Jimin gözlerini kapayarak derin bir nefes almış ve araladığı göz kapaklarıyla birlikte yayının kabzasını sıkı sıkıya tutmuştu. Gözlerini bir okun sivri ucuna çevirip ona yön vermeye çalışırken bir de hedefine bakıyor ve oku tahta parçası üzerindeki minik noktaya denk getirmeye çalışıyordu. Jimin iyi bir okçuydu. Soo-Jang'ın onu motive etmeye çalıştığı zamanlar dışında yetenekli bir okuydu...
Jimin sol eliyle kavradığı kabzası ve iki parmağı arasında tuttuğu okuna çevirmişti başını. Şuan büyük bir müsibetin dönem noktasında gibiydi. Vurabilirse bugünün derslerini büyük bir tebrikle bitirecekti. Fakat ok istediği gibi gitmez de hedefi vuramazsa keçi sakallı, Japon asıllı öğretmeni Tsukasa-san onun canına okurdu. Değil güneş batana değin, yeniden doğana kadar bile Jimin'i rahat bırakmazdı.
Bu yüzden Jimin vurmalıydı, bugünü rahat bitirebilmesi için hedefi tutturmalıydı.
Oku iyice kendisine doğru çekti ve yayın gerilmesini sağladı. Omzunu genişetip belini gerginleştirdi ve dik pozisyondayken tekrar derin bir nefes aldı.

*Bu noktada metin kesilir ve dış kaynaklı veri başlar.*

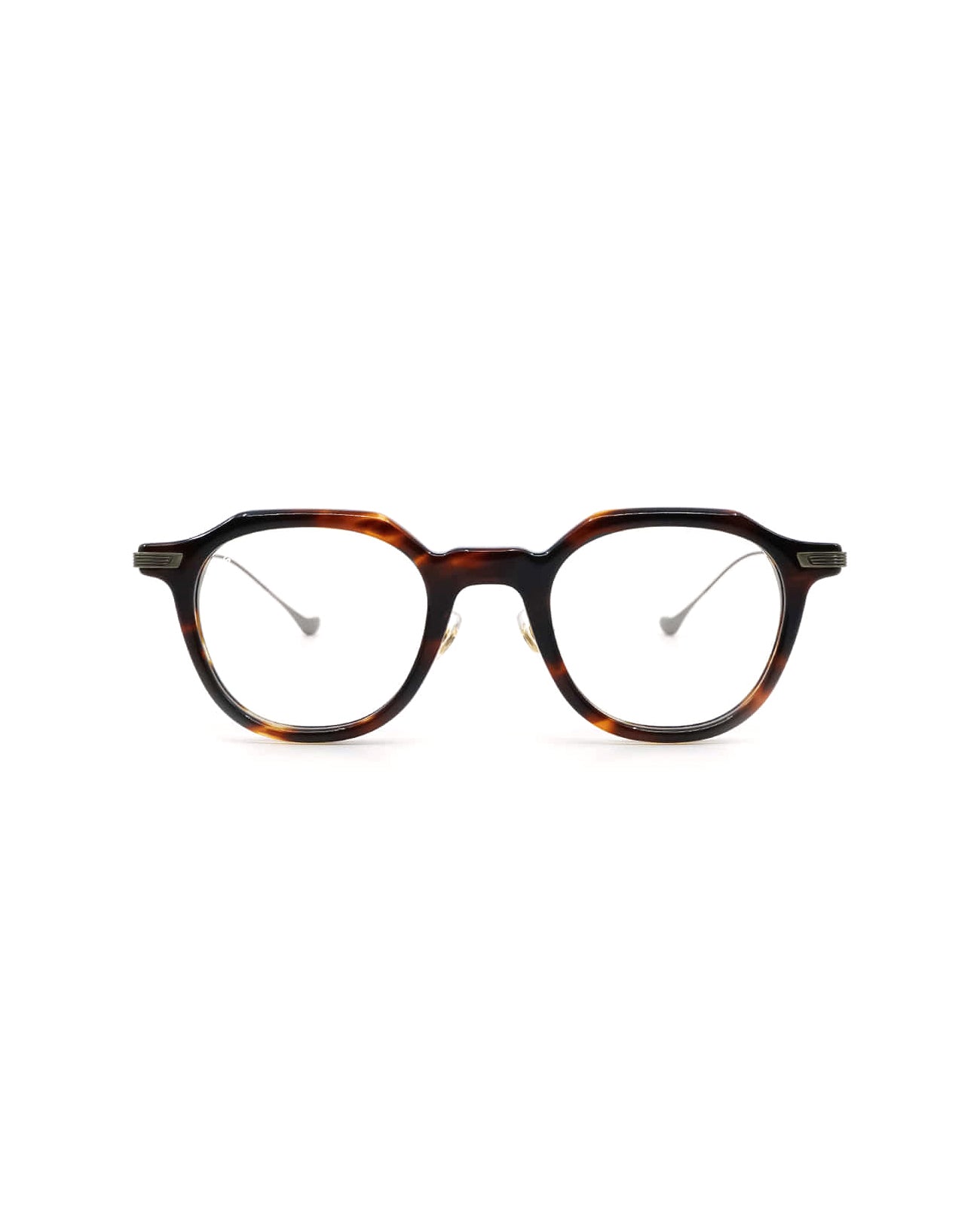Round Square acetate and titanium combination optical frame. It features the details applied on temples and end-piece of the front part. The overall shape is inspired by French crown pantos design. The frame provides a comfortable fitting by attaching the nose pad. It is perfect to wear daily with its basic shape.

Sakinleş ve tam 12'den vur.
Oku gerdi ve bırakmak üzereyken tekrar Soo-Jang'ın sesi etrafı kapladı.
"O! Goeun-sshi!" Ve bununla birlikte Jimin'in elinin ayağına dolaşması bir oldu. Oku usulca serbest bırakırken arkasını döndü ve etrafına bakındı. Bugün ilk kez Goeun'u göreceği için heyecanlandı. Zaten o anda Tsukasa-san'ın gazabından korkmamasının nedeni de buydu. Hızla arkasını dönerken gözleri Goeun'u aradı. Bugün, ilk olmasa da, yeni doğan güneşle birlikte göreceği ilk insanlardan birisinin o olmasını istiyordu.
Bu yüzden arkasını döndü. Fakat bahçe dışında gördüğü tek şey alın bandının kuşağını çene kısmına getirip orayı kapatmaya çalışmış olan Soo-Jang ve yapmaya çalıştığı komik olmayan şakaydı.
İkisi bir süre bakıştılar. En sonunda ise Soo-Jang yüzü önündeki peçeyi indirip Jimin'in önünde bir selam verdi ve ciddileşti. Ölümden kurtulmak için güzel ve nokta atışı olan bir kaçıştı. Ardından Jimin tekrar önüne döndü ve derin bir nefes alarak kapadığı gözlerini usulca araladı. Elindeki kabzayı tekrar sıkı sıkıya tutarken yayını gerdi ve atmaya hazırlandı. Fakat o sırada tekrar bahçede Soojang'ın sesi yankılandı.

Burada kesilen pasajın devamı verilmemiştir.